# Diamond kidded! Buck/doe twins!



## logansmommy7 (Nov 11, 2009)

So, it has been a few days, but we have been having a crazy week here. Diamond kidded Monday night with beautiful buck/doe twins. The buck was first and was just slightly malpositioned, but with help (Thank you again Stacey-you are a lifesaver!) we got them both out safely. Here are some pics. The buckling will be wethered and will be for sale, please contact me if you are interested. 

The doeling, will be retained. Hawks View Farm LucyintheSky

We've been calling the little guy Yoda-he has a 'Y' on his side...CUTE!

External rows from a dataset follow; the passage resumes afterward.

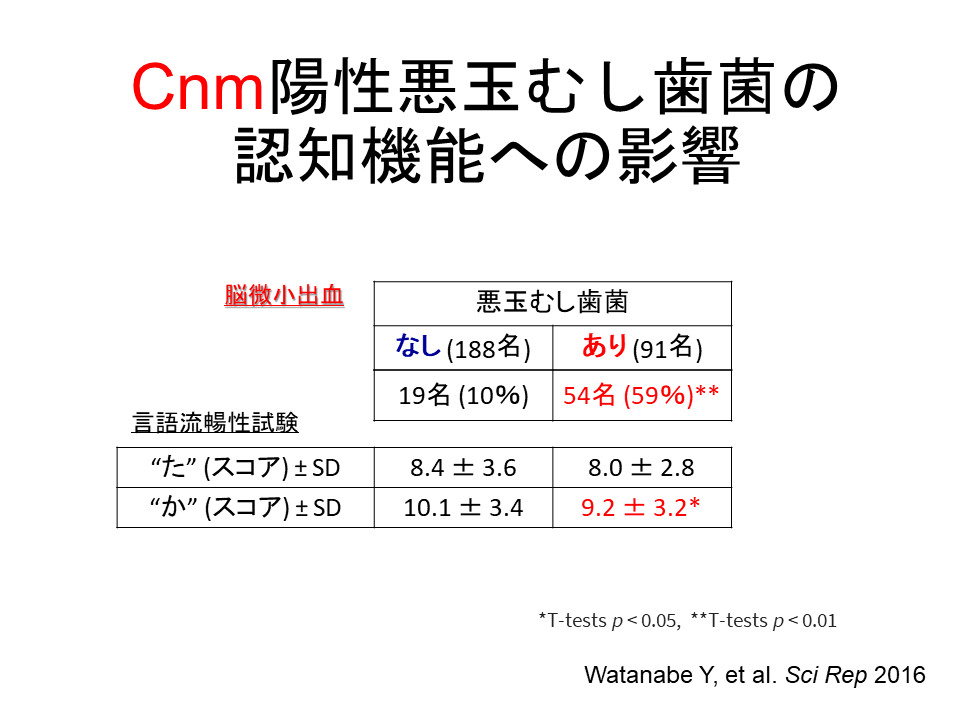 さらに先程、脳卒中の先に認知症があるというお話しをさせていただきました。これも京都府立医科大学で行われた研究ですが、悪玉むし歯菌をお持ちの方というのは当然ながら微小出血をお持ちの頻度は10%対59%で高いという結果でした。言語流暢性試験というものがあります。これは一分間で“た”から始まる言葉、あるいは“か”から始まる言葉をできる限り言ってくださいという試験で、臨床でもよく使う試験ですが、“た”から始まる言葉に関しては、「むし歯菌あり」の方が若干ちょっと少な目でした。これ有意差はないという結果だったのですが、“か”から始まる言葉に関しては明らかに有意な差があり、むし歯菌ありの方が出てくる単語が少なかったということで、まだまだ検診の方々ですので認知機能は一見全く正常です。ただこうした詳しい検査をすると、少し認知機能が落ちかけていることが明らかになり、微小出血が起こる、さらにその先にある認知症が起こりかけているかもしれないということが研究で明らかになったわけです。
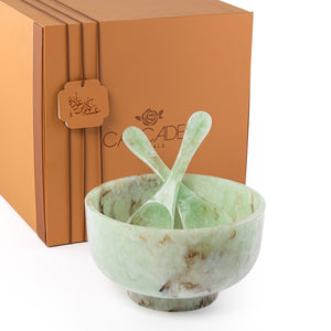 وعاء تقديم من الراتينج مع ملعقتين مع بوكس هدايا – أخضر
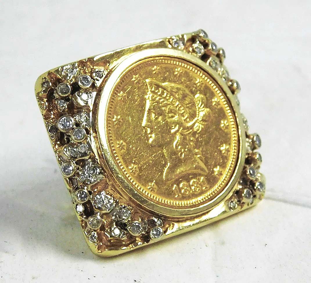 PINE BUSH, N.Y. — A 14K man’s ring with a $10 gold coin in a bezel setting with 50 small diamonds achieved $5,125 at Roberson’s Auctions on January 17. The ring, sized 9½, sold within estimate. For information, www.robersonsauctions.com or 845-283-1587.

The pics are when they are brand new so they have 'unfolded' quite a bit since then and are we are quite proud of them!


----------



## freedomstarfarm (Mar 25, 2011)

Sooo cute! Congrats!!


----------



## helmstead (Oct 2, 2008)

:stars:


----------



## maple hill farm tina (Mar 14, 2010)

Adorable, Hunter! So glad everything went well...


----------



## mommaB (Oct 1, 2009)

Very cute! Congrats!!


----------



## toth boer goats (Jul 20, 2008)

Adorable ....congrats... :hi5: :thumb:


----------



## liz (Oct 5, 2007)

Awwwwwwwww  Congrats on such adorable babies!! :leap:


----------



## RowdyKidz (Apr 2, 2009)

Beautiful! 

And that definitely looks like a Y on the buckling! How neat!


----------



## Randi (Apr 22, 2011)

:lovey:


----------



## jberter (Jan 21, 2010)

super cute factor going on there,, :lovey: and the boy does have a " Y " on his side,, love his name.. cute baby girl to.. 
Betty


----------



## milk and honey (Oct 31, 2010)

Congratulations! Very Flashy little guy!


----------



## logansmommy7 (Nov 11, 2009)

Ok....all you guys think the same as me, that little guy is FLASHY! I'm so tempted to keep him as a buck and sell his papa...actually, I am selling his papa. But debating to keep the boy..but his mom is a FF. She is a good FF tho....


----------



## StaceyRosado (Oct 5, 2007)

depends on how her udder looks -- FF turn into SF in a year


----------



## Bobbyesox (May 29, 2011)

There's never anything cuter than a baby goat....but these ARE super cute!


----------